1

I have a question about async programming and Task.WhenAll(). I have a code snippet that downloads a folder from google drive and it works as expected when i am debugging my code. However when I run the application without debugger the download function takes atleast 4x the time it takes when it runs with the debugger. I also get crash logs with TaskCancelled exceptions (System.Threading.Tasks.TaskCanceledException: A task was canceled.) which do not happen with the debugger attached. What needs to be changed for the code to work as expected without debugger attached. NB this snippet downloads +- 1000 files in about 22-25 seconds with debugger and 2min+ without debugger.
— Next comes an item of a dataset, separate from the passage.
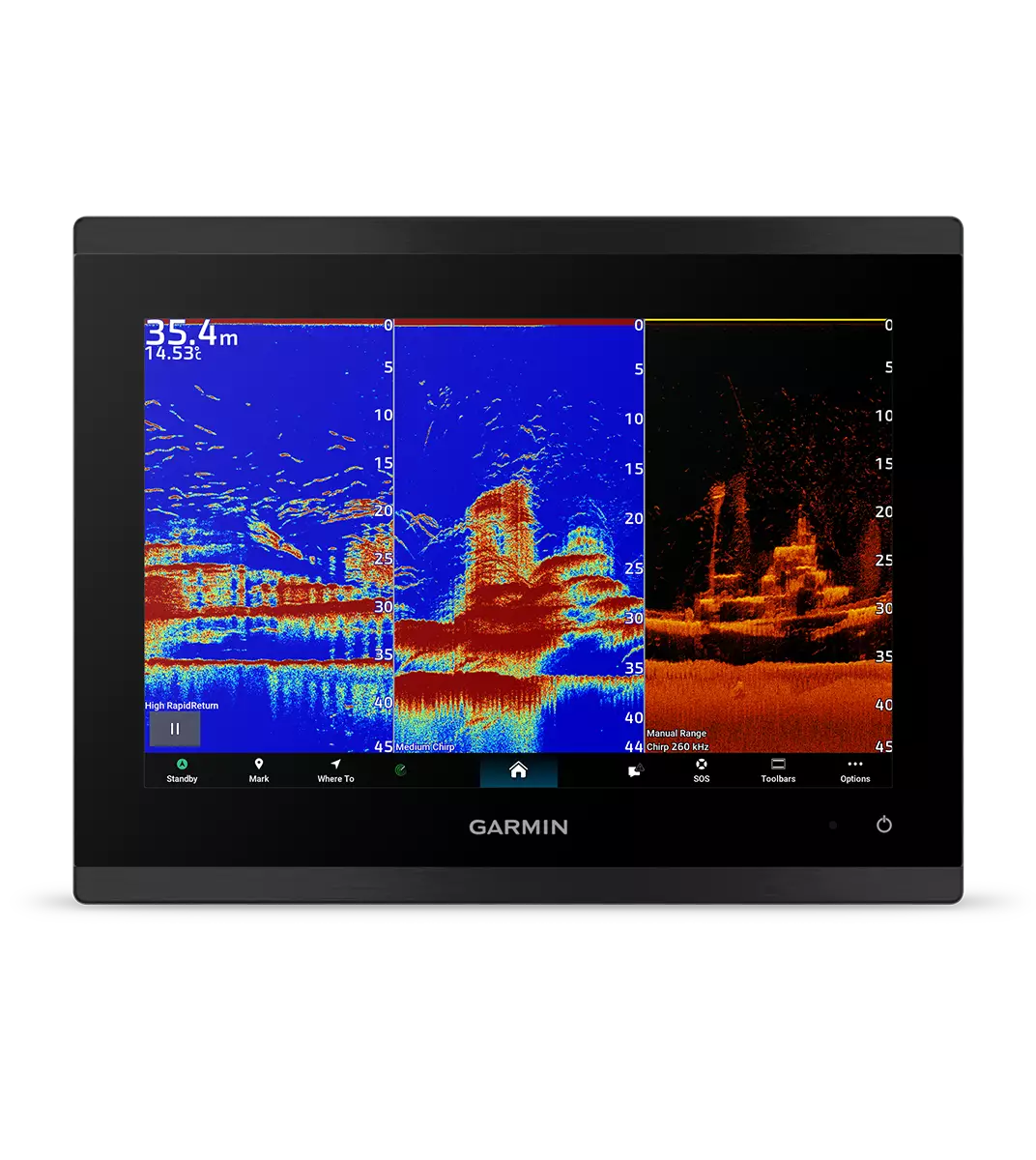 XSV-malleissa on integroitu 1 kW xCHIRP- ja Garmin RapidReturn -kaikuluotain, joiden ansiosta kalastusta voi harrastaa häikäisevällä HD-tarkkuudella. Erinomainen kohteiden erottelukyky auttaa näkemään kalat terävinä ja selkeinä.

public static async Task<bool> DownloadFolder(CloudDataModel.File file, string path, params string[] exclude)
    {
        try
        {
            if (file != null && !string.IsNullOrEmpty(file.id))
            {
                List<string> toExclude = new List<string>();
                if(exclude != null)
                {
                    toExclude = exclude.ToList();
                }
               
                List<Task> downloadFilesTask = new List<Task>();
                var files = await file.GetFiles();
                foreach (var f in files)
                {
                    var task = f.Download(path);
                    downloadFilesTask.Add(task);
                }
                
                var folders = await file.GetFoldersAsync();
                foreach (var folder in folders)
                {
                    if (toExclude.Contains(folder.name))
                    {
                        continue;
                    }
                    Task task = null;
                    if (path.Equals(Statics.ProjectFolderName))
                    {
                        task = DownloadFolder(folder, folder.name);
                    }
                    else
                    {
                        task = DownloadFolder(folder, Path.Combine(path, folder.name));
                    }
                  
                    downloadFilesTask.Add(task);
                }
                var array = downloadFilesTask.ToArray();
                await Task.WhenAll(array);
                return true;
            }                
        }
        catch (Exception e)
        {
            Crashes.TrackError(e);
        }
        return false;
    }

Edit

after some more trial and error the fault has been identified. the downloading of the file was the cause of the unexpected behaviour

public static async Task<StorageFile> DownloadFile(CloudDataModel.File file, string destinationFolder)
    {
        try
        {
            
            if (file != null)
            {
                Debug.WriteLine($"start download {file.name}");
                if (file.mimeType == Statics.GoogleDriveFolderMimeType)
                {
                    Debug.WriteLine($"did not download resource,  resource was folder instead of file. mimeType: {file.mimeType}");
                    return null;
                }

                var endpoint = Path.Combine(DownloadFileEndpoint, $"{file.id}?alt=media");
                // this would cause the unexpected behaviour
                HttpResponseMessage response = await client.GetAsync(endpoint);
               
                
         
                StorageFile downloadedFile;
                using (Stream streamToReadFrom = await response.Content.ReadAsStreamAsync())
                {
                    var memstream = new MemoryStream();
                    StreamReader reader = new StreamReader(streamToReadFrom);
                    streamToReadFrom.Position = 0;
                    await streamToReadFrom.CopyToAsync(memstream);
                    downloadedFile = await fileHandler.SaveDownloadedCloudFile(memstream, file, destinationFolder);
                    Debug.WriteLine($"download finished {file.name}");
                }

                return downloadedFile;
            }

            return null;
        }

        catch (Exception e)
        {
            Crashes.TrackError(e);
            return null;
        }
    }

After setting a timeout to the client (System.Net.Http.HttpClient) the code executed as expected.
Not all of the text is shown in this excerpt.